Kafka Consumer Topic subscription strategy
Kafka consumer API provides the capability to consumer group to subscribe to multiple topics at the same time.
consumer.subscribe(Collections.singletonList("topic1", "topic2", ...));
Kafka consumer Group subscribing to multiple topics
Features
Prevents message starving in a topic
Messages are enqueued starting from the first partition, if there are no more messages in the current partition left, but there are still bytes to fill, messages from the next partition will be enqueued until there are no more messages or the buffer is full.
After the consumer receives the buffer, it will split it into CompletedFetches
, where one CompletedFetch
contains all the messages of one topic partition, the CompletedFetches
are enqueued
The enqueued CompletedFetches
are logically flattened into one big queue, and since the requests to each partition are sent in parallel they may be mixed together
consumer.poll()
will read and dequeue at most max.poll.records
from that flattened big queue.
Subsequent fetch requests exclude all the topic partitions that are already in the flattened queue.
This means that you’ll have no starving messages and message consumption happens in a round robin manner, but you may have a large number of messages from one topic, before you’ll get a large number of messages for the next topic.

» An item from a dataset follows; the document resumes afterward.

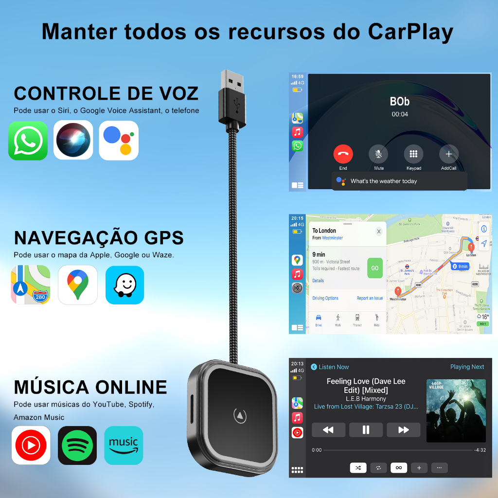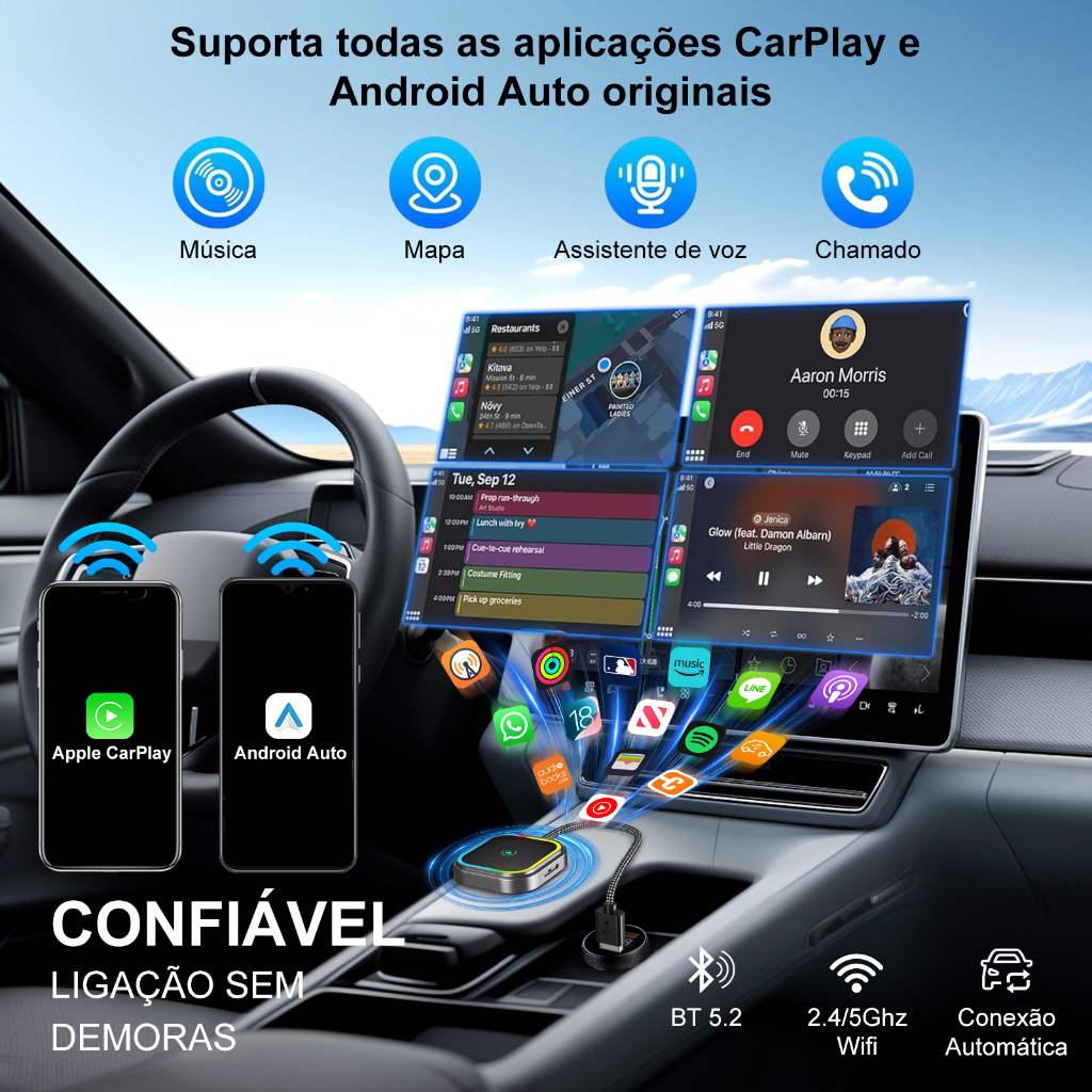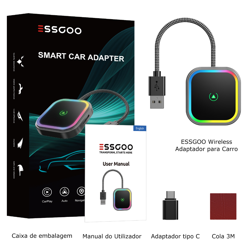ESSGOO PL8 Conversor De Adaptador Automático CarPlay/Android Sem Fio 2 Em 1 USB-A/Tipo C Portas Duplas

By using property max.partition.fetch.bytes, number of messages to be consumed from a partition at a poll can be regulated.
Pros
- Number of threads spawned as part of the consumer group in the single application remains constant. Thread count is not proportional to the number of topics to which the application subscribes to.
- The constant number of threads spawned prevents excessive context switching which at the end might result in more performance bottleneck in the feat to achieve parallelism.
- If more parallelism needs to be achieved, the no of consumer threads can be increased.
Cons
Separate Consumer Group for each Topic
Pros
- Each kafka topic will have its own consumer thread group which can be scaled independently.
Cons
- With increase in number of Kafka topics, new consumer group will be created and hence number of threads will keep on increasing. Resulting in too much context-switching which will eventually slow down the application.
- With increase in threads, lot of resources in terms of memory and CPU will be consumed.
- Auto-scaling of application might result in a problem. The application instances which will be spawned due to autoscaling might also use similar amount of resources (memory/CPU). This might result in spawning of new application instances in a loop.